O desfecho refletiu essa ideia. O que se encaminhava para um sprint foi baralhado nos quilómetros finais pelo ataque a solo de Alec Segaert, que abriu um fosso considerável enquanto o pelotão hesitava. Philipsen também não controlava essa fase, já obrigado a reagir mais cedo na corrida.
A colocação, explicou, foi um dos grandes desafios. “A colocação estava difícil. Eu estava com o Jonas (Rickaert), mas tivemos de travar por causa de uma queda”. Esse momento deixou-o exposto num ponto crítico, forçando uma perseguição que cobrou energia.
“O Gerben (Thijssen) levou-me de volta à frente, mas isso custou energia. Já tinha gasto as melhores pernas para regressar depois de trocar de sapatos e com essas interrupções. Ainda bem que consegui chegar”.
Essa última frase resumiu o equilíbrio da corrida. Philipsen não ditou o final. Sobreviveu-lhe.

Problema no sapato acrescenta outra camada a um dia difícil

O ponto de viragem surgiu cerca de 20 quilómetros antes da meta, quando Philipsen recuou até ao carro da equipa. A razão não foi tática, mas mecânica. “Quase caí e tive de usar toda a pedalada para me manter em pé. O meu sapato partiu-se”.
A solução deixou-o a terminar a corrida com calçado desencontrado, um sapato branco e outro prateado, imagem invulgar numa prova já cheia de percalços. “Não fica propriamente bem”, avaliou. “Mas foi eficiente. Funciona e talvez me dê sorte”.
Esse episódio reforçou a sensação de que esta vitória nasceu mais da adaptação do que do controlo.

Sprint decide após susto tardio de Segaert

Apesar dos contratempos, a corrida acabou por regressar ao cenário que Philipsen melhor domina. Segaert foi alcançado nos metros finais e a subida até à meta transformou-se num sprint reduzido.
A partir daí, a execução de Philipsen foi decisiva. Depois de passar grande parte do final a reagir, cronometrizou o esforço na chegada em falso plano e garantiu a vitória diante de Jordi Meeus e Juan Sebastian Molano. “Isto é muito importante para a confiança”, disse. “Tive de esperar um pouco por ela”.

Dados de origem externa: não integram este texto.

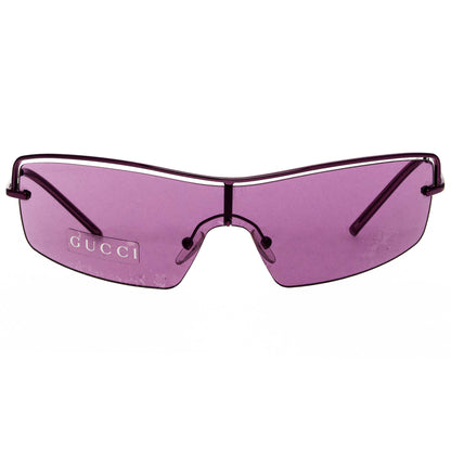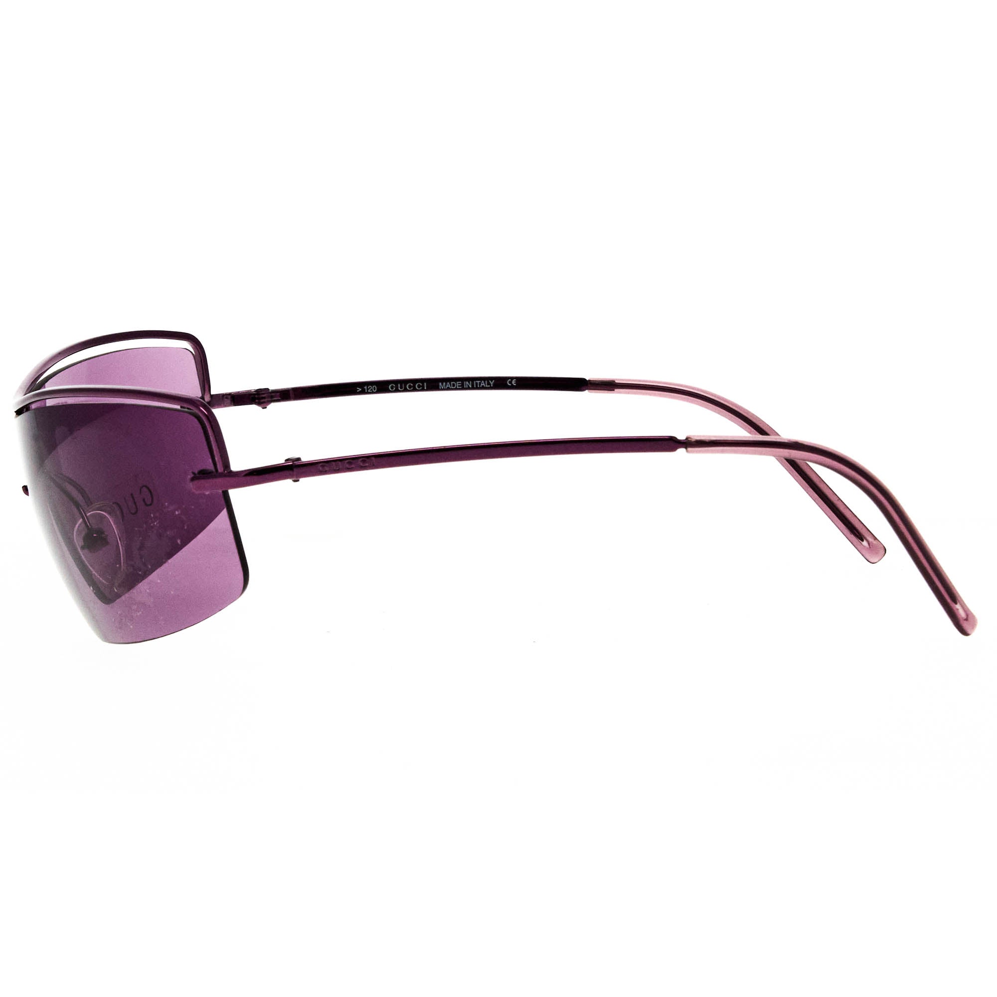 The Gucci GG 2683S 834 sunglasses, with its purple frame and iconic shield silhouette, is a rare vintage sunglasses find for collectors.

Primeira vitória de 2026 traz alívio após início difícil

O alívio ficou claro nas reflexões finais. Depois de uma série de aproximações e corridas interrompidas, isto foi mais do que um triunfo: foi um reset. “Tenho gostado de correr aqui nos últimos anos, mas hoje quis jogar um pouco mais pelo seguro: procurar boas sensações e conquistar a vitória. Correu bem”.
No fim, a Nokere Koerse entregou exatamente isso. Não uma corrida perfeita, mas o resultado certo.